Building Climate Resilience in Infrastructure Projects: A Brief for Investors

25 March 2024

Written by: Derek Wu, ,

Infrastructure investment serves as a critical foundation for sustainable economic development in developing nations. By improving transportation, energy, water, and communication networks, these investments catalyse productivity, connectivity, and growth. However, recent climate change impacts such as increasing temperatures, shifting patterns of precipitation, increased intensity or recurrence of extreme weather events and rising sea levels have highlighted the vulnerability of infrastructure systems, resulting in disruptions and substantial losses.
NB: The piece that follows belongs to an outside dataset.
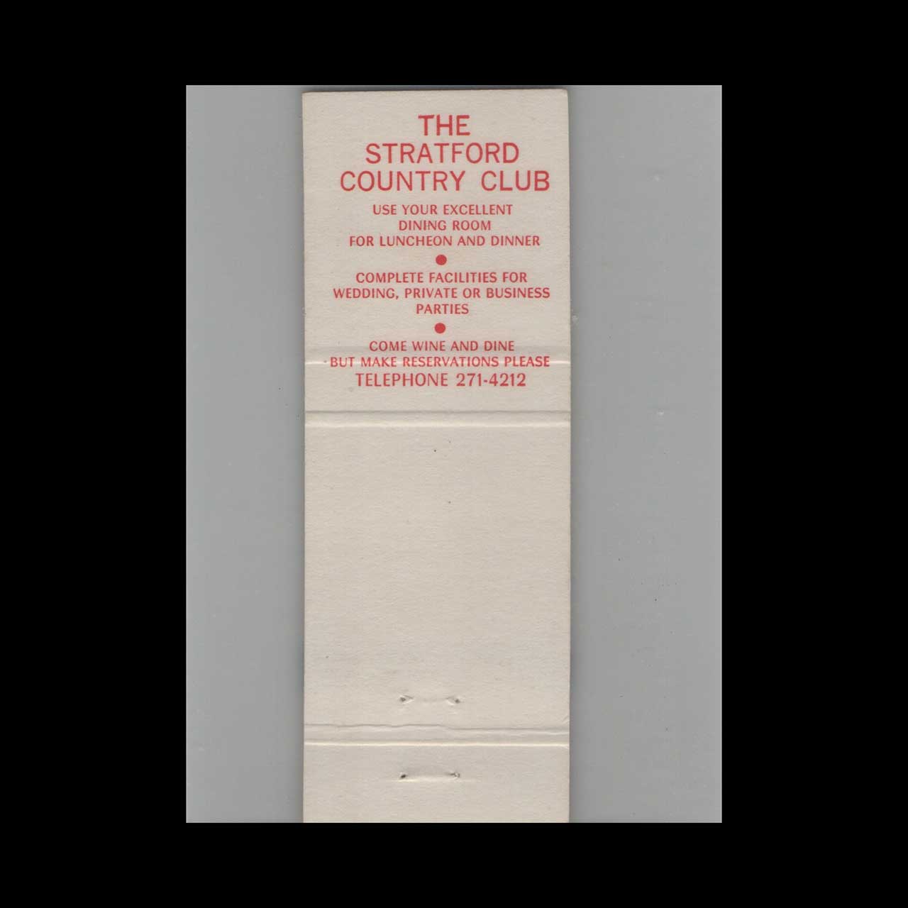 The Stratford Country Club in Stratford, ON, offers timeless elegance and leisure in a historic setting. A classic ephemera relic cherished by vintage matchbook collectors.
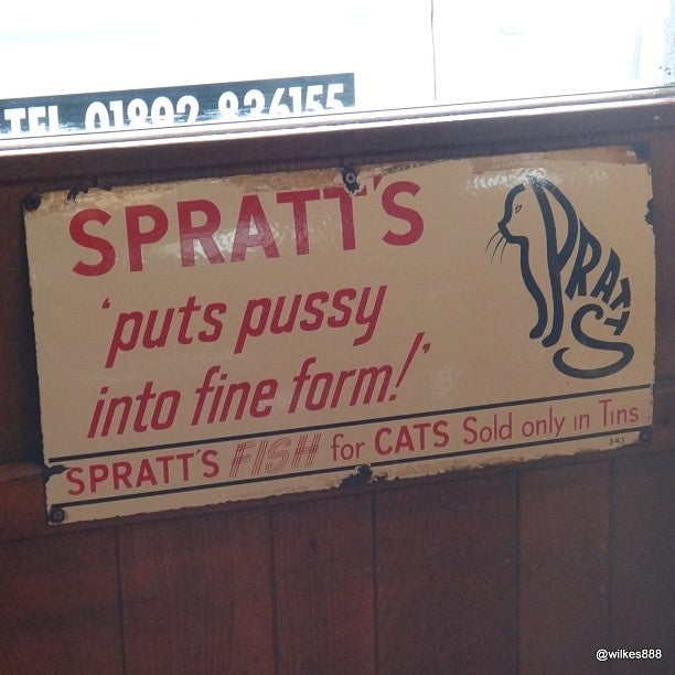 LIKE AMUSING TIN PLATE SIGNS? Look out for the "Keeps pussy in fine form" cat food ad. -Wilkes

Home to over 3.2 billion people, the BRICS countries – Brazil, Russia, India, China and South Africa – are projected to account for 44% of the US$94 trillion infrastructure investments needed by 2040. Coupled with the changing and extreme climate conditions as temperatures are likely to rise by more than 1.5°C above pre-industrial levels by 2027, infrastructures within the nations have not been spared of climate-related risks and will only suffer more economic losses should they not be well adapted to climate change.   Investing

in infrastructure that is robust and adaptable to climate is now imperative. Studies show that making infrastructure more climate-resilient can add up to 3% to upfront costs, however it has a benefit-cost ratio of about 4:1, accruing improved rate of return with enormous net benefits from investing in climate adaptation and resilience. World Bank also found that investing $1 trillion in the incremental cost of making infrastructure more resilient in developing countries would generate $4.2 trillion in benefits. Aside from the avoided losses and economic benefits, climate adaptation investments also offer non-market societal benefits. An International Labour Organisation study on BRICS countries suggested for every $1 million invested in the construction sector, close to 120 jobs are expected to be created in the Russian Federation, 160 in Brazil, 200 in China and 650 in India. By building climate-resilient infrastructure, these projects can withstand and adapt to these climate-related challenges, minimizing the potential for significant disruptions and economic losses, and ensuring long-term viability for infrastructures.  

NDB’s General Strategy for 2022–2026, titled “Scaling Up Development Finance for a Sustainable Future”, has set the course for the Bank’s evolution into a leading provider of solutions for infrastructure and sustainable development for emerging market economies and developing countries, and has committed to direct 40% of total financing to projects contributing to climate change mitigation and adaptation.